“Oh my country, how barbarous you still are!” exclaimed Julien, beside himself with anger. And he continued his train of thought aloud, without giving a thought to the turn-key’s presence.

“The man wants an article in the paper about him, and that’s a way in which he will certainly get it.

“Oh you cursed provincials! At Paris I should not be subjected to all these annoyances. There they are more skilled in their charlatanism.

“Show in the holy priest,” he said at last to the turnkey, and great streams of sweat flowed down his forehead. The turnkey made the sign of the cross and went out rejoicing.

The holy priest turned out to be very ugly, he was even dirtier than he was ugly. The cold rain intensified the obscurity and dampness of the cell. The priest wanted to embrace Julien, and began to wax pathetic as he spoke to him. The basest hypocrisy was only too palpable; Julien had never been so angry in his whole life.

A quarter of an hour after the priest had come in Julien felt an absolute coward. Death appeared horrible to him for the first time.

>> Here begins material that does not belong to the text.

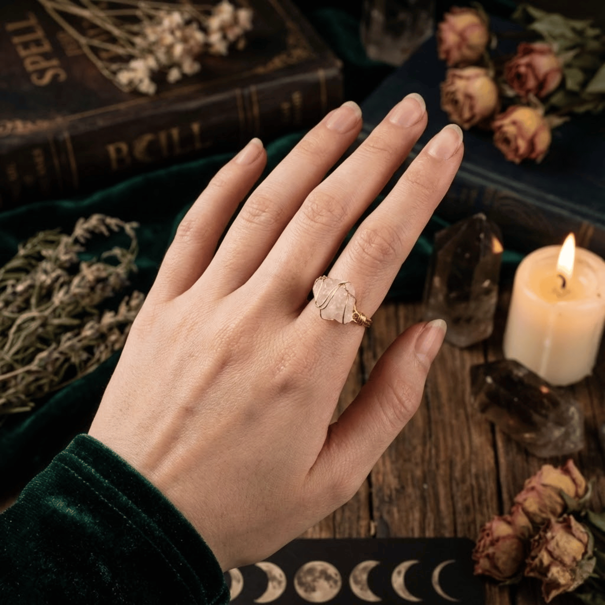 Ten pierścionek to manifestacja uczucia w jego najbardziej pierwotnej, naturalnej formie. W przeciwieństwie do szlifowanych kamieni, ten surowy Różowy Kwarc zachował kształt, jaki nadała mu Matka Ziemia. Jest nieregularny, unikalny i pełen charakteru – dokładnie tak jak Ty. Opleciony złotym drucikiem, wygląda jak starożytny artefakt znaleziony w zaczarowanym lesie. To talizman dla kobiety, która kocha swoją dziką naturę i nie przeprasza za to, że jest prawdziwa.

He began to think about the state of decomposition which his body would be in two days after the execution, etc., etc.

He was on the point of betraying himself by some sign of weakness or throwing himself on the priest and strangling him with his chain, when it occurred to him to beg the holy man to go and say a good forty franc mass for him on that very day.

It was twelve o’clock, so the priest took himself off.